Partially hydrolyzed konjac powder (PHKP) can be used to increase the daily intake of dietary fibers of consumers. To produce PHKP by enzymatic hydrolysis, a novel β-mannanase gene (McMan5B) from Malbranchea cinnamomea was expressed in Pichia pastoris. It showed a low identity of less than 52% with other GH family 5 β-mannanases. Through high cell density fermentation, the highest β-mannanase activity of 42200 U mL-1 was obtained. McMan5B showed the maximal activity at pH 7.5 and 75°C, respectively. It exhibited excellent pH stability and thermostability.
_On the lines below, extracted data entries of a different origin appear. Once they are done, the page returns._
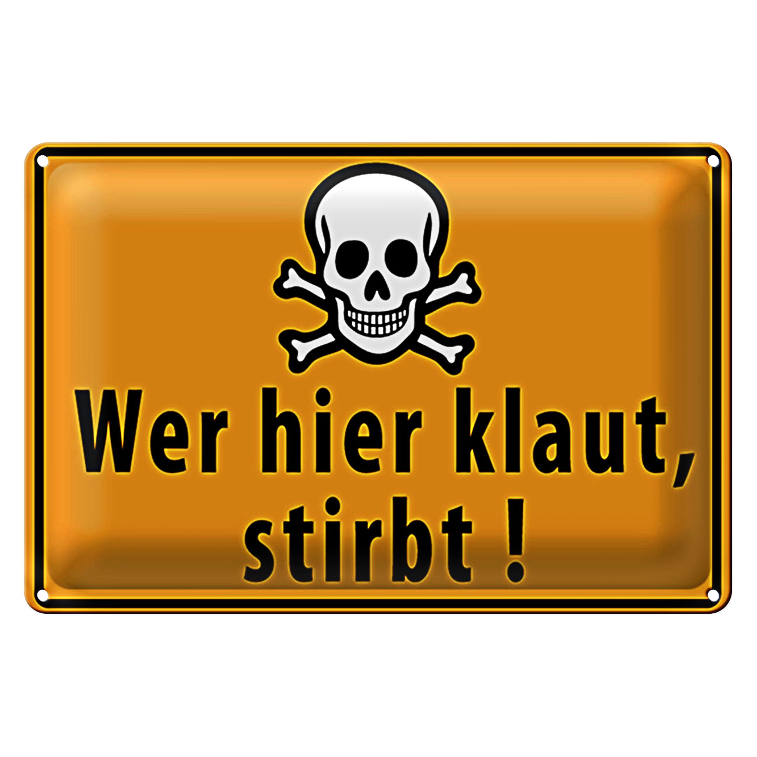 Blechschild Spruch 30x20cm wer hier klaut stirbt Totenkopf
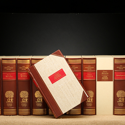 Книга облечена в составной переплет: из кожи Russels (Великобритания) и натурального необработанного шелка Setefi cio VIAGGI (Италия), изготовленный мастером Марио Готтарделло (Италия). Тиснение золотом 24K.
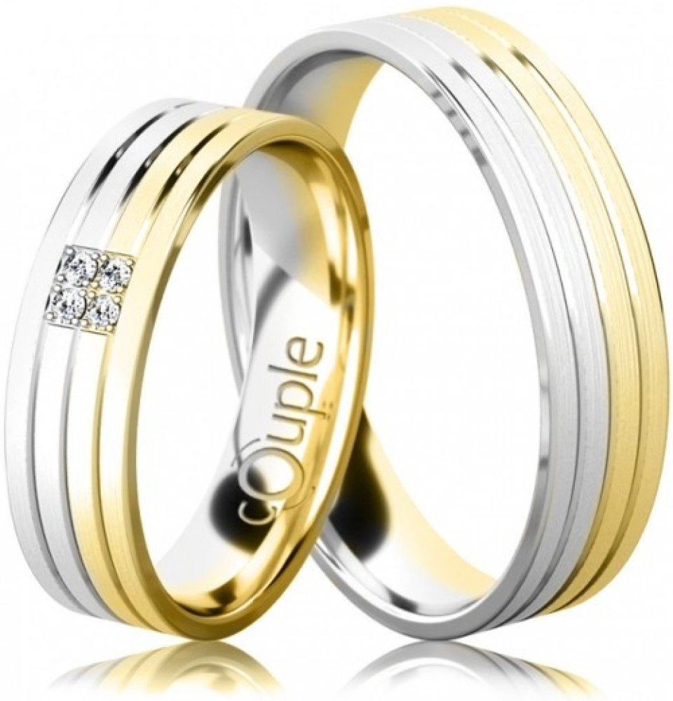Originálně řešený design snubních prstenů Dylan nikdo jen tak nepřehlédne. Decentní proužky krášlí obroučku obou partnerů. Vyberte si sami barvu zlata, která je Vašemu srdci nejblíž – bílé, žluté, růžové nebo některou jejich kombinaci.
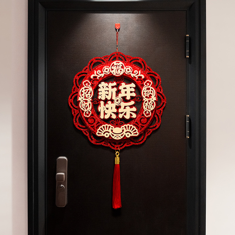 2024龍年新年旧正月装飾用品年越しシーンにリビングルームを配置してドアに入れて福字のドアを掛けます。

Due to the different residues (Phe214, Pro253, and His328) in catalytic groove and the change of β2-α2 loop, McMan5B showed unique hydrolysis property as compared to other β-mannanases. The enzyme was employed to hydrolyze konjac powder for controllable production of PHKP with a weight-average molecular weight of 22000Da (average degree of polymerization 136). Furthermore, the influence of PHKP (1.0%-4.0%) on the qualities of steamed bread was evaluated. The steamed bread adding 3.0% PHKP had the maximum specific volume and the minimum hardness, which showed 11.0% increment and 25.4% decrement as compared to the control, respectively. Thus, a suitable β-mannanase for PHKP controllable production and a fiber supplement for steamed bread preparation were provided in this study. KEY POINTS: • A novel β-mannanase gene (McMan5B) was cloned from Malbranchea cinnamomea and expressed in Pichia pastoris at high level. • McMan5B hydrolyzed konjac powder to yield partially hydrolyzed konjac powder (PHKP) instead of manno-oligosaccharides. • PHKP showed more positive effect on the quality of steamed bread than many other dietary fibers including konjac powder.